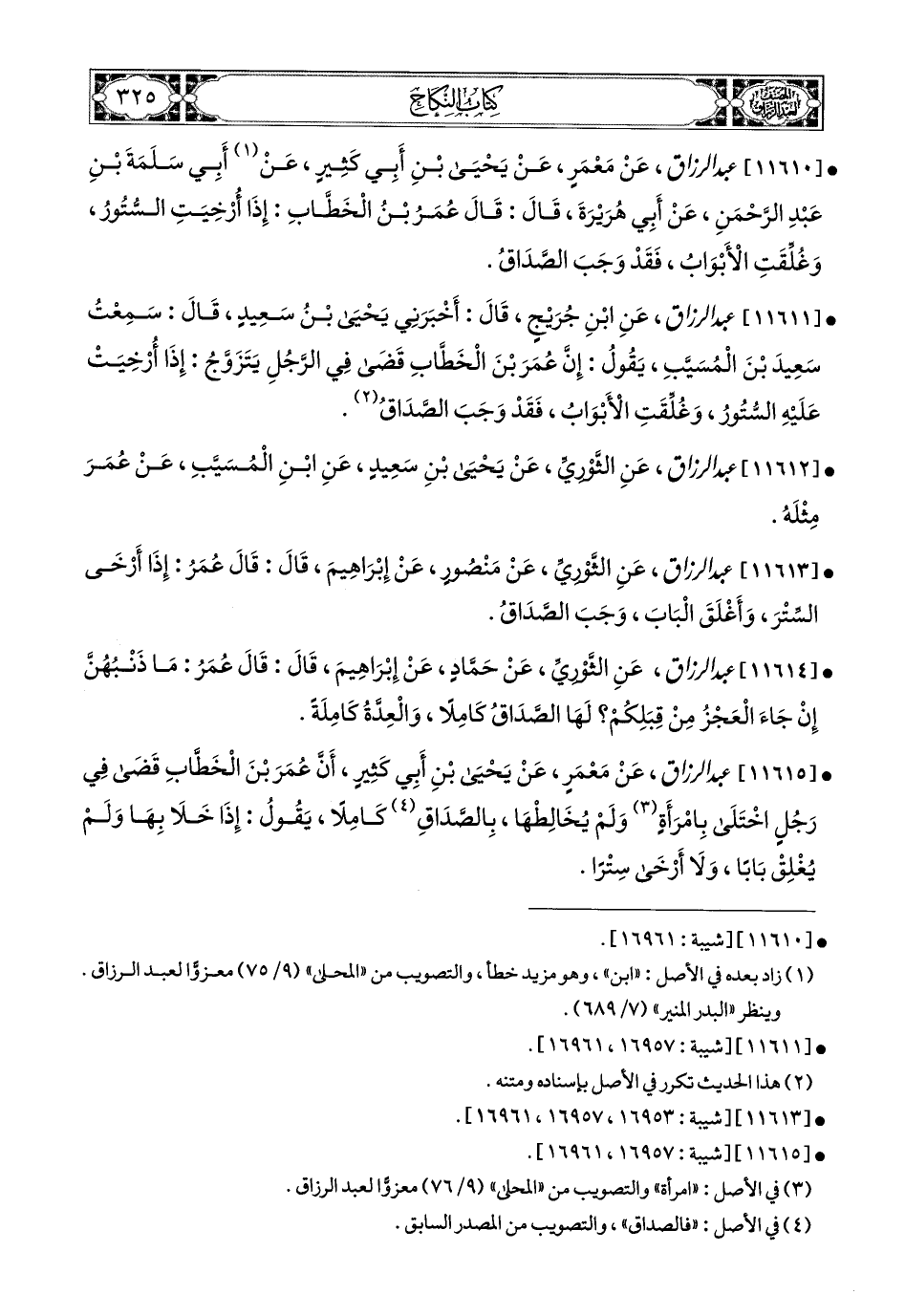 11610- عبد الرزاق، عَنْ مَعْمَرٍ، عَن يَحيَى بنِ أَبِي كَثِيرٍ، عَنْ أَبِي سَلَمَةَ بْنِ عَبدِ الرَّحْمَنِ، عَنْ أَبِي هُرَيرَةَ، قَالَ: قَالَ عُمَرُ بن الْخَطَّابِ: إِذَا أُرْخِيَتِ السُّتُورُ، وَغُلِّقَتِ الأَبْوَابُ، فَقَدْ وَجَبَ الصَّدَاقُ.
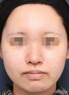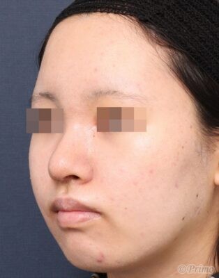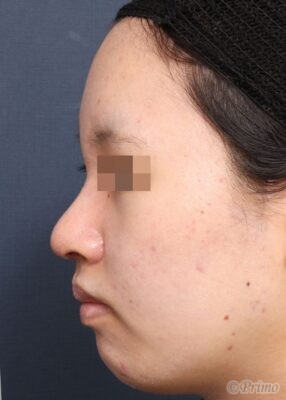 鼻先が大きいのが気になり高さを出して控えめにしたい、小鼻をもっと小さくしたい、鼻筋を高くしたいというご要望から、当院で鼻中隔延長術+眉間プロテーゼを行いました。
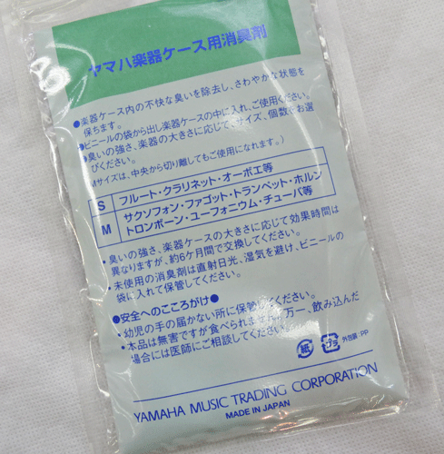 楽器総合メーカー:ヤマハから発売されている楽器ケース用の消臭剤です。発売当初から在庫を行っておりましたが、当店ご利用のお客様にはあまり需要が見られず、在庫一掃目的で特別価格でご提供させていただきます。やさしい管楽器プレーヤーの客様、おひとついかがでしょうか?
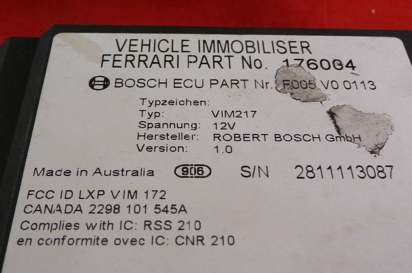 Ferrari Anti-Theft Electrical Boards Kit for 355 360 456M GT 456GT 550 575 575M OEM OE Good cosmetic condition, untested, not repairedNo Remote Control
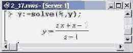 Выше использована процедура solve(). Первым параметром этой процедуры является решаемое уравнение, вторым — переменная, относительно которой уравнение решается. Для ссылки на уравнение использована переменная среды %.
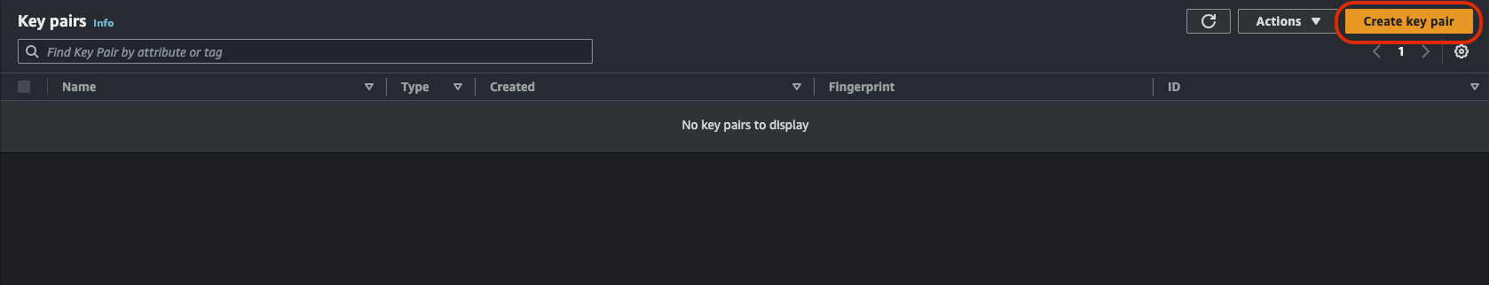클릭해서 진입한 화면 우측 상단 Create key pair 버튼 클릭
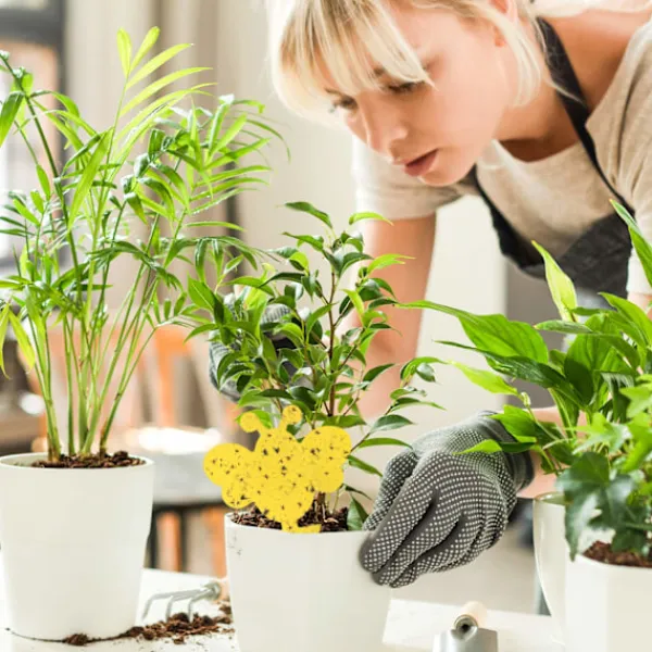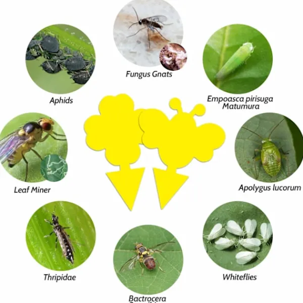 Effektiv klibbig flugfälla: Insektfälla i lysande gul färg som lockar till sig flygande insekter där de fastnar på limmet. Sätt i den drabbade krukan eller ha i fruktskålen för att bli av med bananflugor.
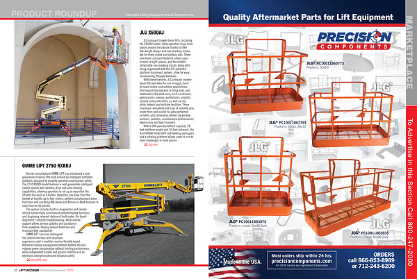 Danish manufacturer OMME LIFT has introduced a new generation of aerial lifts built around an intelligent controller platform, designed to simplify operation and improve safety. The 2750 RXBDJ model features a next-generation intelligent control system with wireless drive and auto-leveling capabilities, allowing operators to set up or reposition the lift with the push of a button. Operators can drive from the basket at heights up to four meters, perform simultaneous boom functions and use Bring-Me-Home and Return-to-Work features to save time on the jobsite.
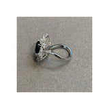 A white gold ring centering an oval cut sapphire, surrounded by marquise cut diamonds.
□ □ □
→ **EXERCISE REQUIREMENTS**:
Beginning with the first line of the material above, please output each line exactly through the line that contains "Effektiv klibbig flugfälla: Insektfälla", and only those, leaving out pictures.

→ **YOUR RESPONSE**:
 11610- عبد الرزاق، عَنْ مَعْمَرٍ، عَن يَحيَى بنِ أَبِي كَثِيرٍ، عَنْ أَبِي سَلَمَةَ بْنِ عَبدِ الرَّحْمَنِ، عَنْ أَبِي هُرَيرَةَ، قَالَ: قَالَ عُمَرُ بن الْخَطَّابِ: إِذَا أُرْخِيَتِ السُّتُورُ، وَغُلِّقَتِ الأَبْوَابُ، فَقَدْ وَجَبَ الصَّدَاقُ.
 鼻先が大きいのが気になり高さを出して控えめにしたい、小鼻をもっと小さくしたい、鼻筋を高くしたいというご要望から、当院で鼻中隔延長術+眉間プロテーゼを行いました。
 楽器総合メーカー:ヤマハから発売されている楽器ケース用の消臭剤です。発売当初から在庫を行っておりましたが、当店ご利用のお客様にはあまり需要が見られず、在庫一掃目的で特別価格でご提供させていただきます。やさしい管楽器プレーヤーの客様、おひとついかがでしょうか?
 Ferrari Anti-Theft Electrical Boards Kit for 355 360 456M GT 456GT 550 575 575M OEM OE Good cosmetic condition, untested, not repairedNo Remote Control
 Выше использована процедура solve(). Первым параметром этой процедуры является решаемое уравнение, вторым — переменная, относительно которой уравнение решается. Для ссылки на уравнение использована переменная среды %.
클릭해서 진입한 화면 우측 상단 Create key pair 버튼 클릭
 Effektiv klibbig flugfälla: Insektfälla i lysande gul färg som lockar till sig flygande insekter där de fastnar på limmet. Sätt i den drabbade krukan eller ha i fruktskålen för att bli av med bananflugor.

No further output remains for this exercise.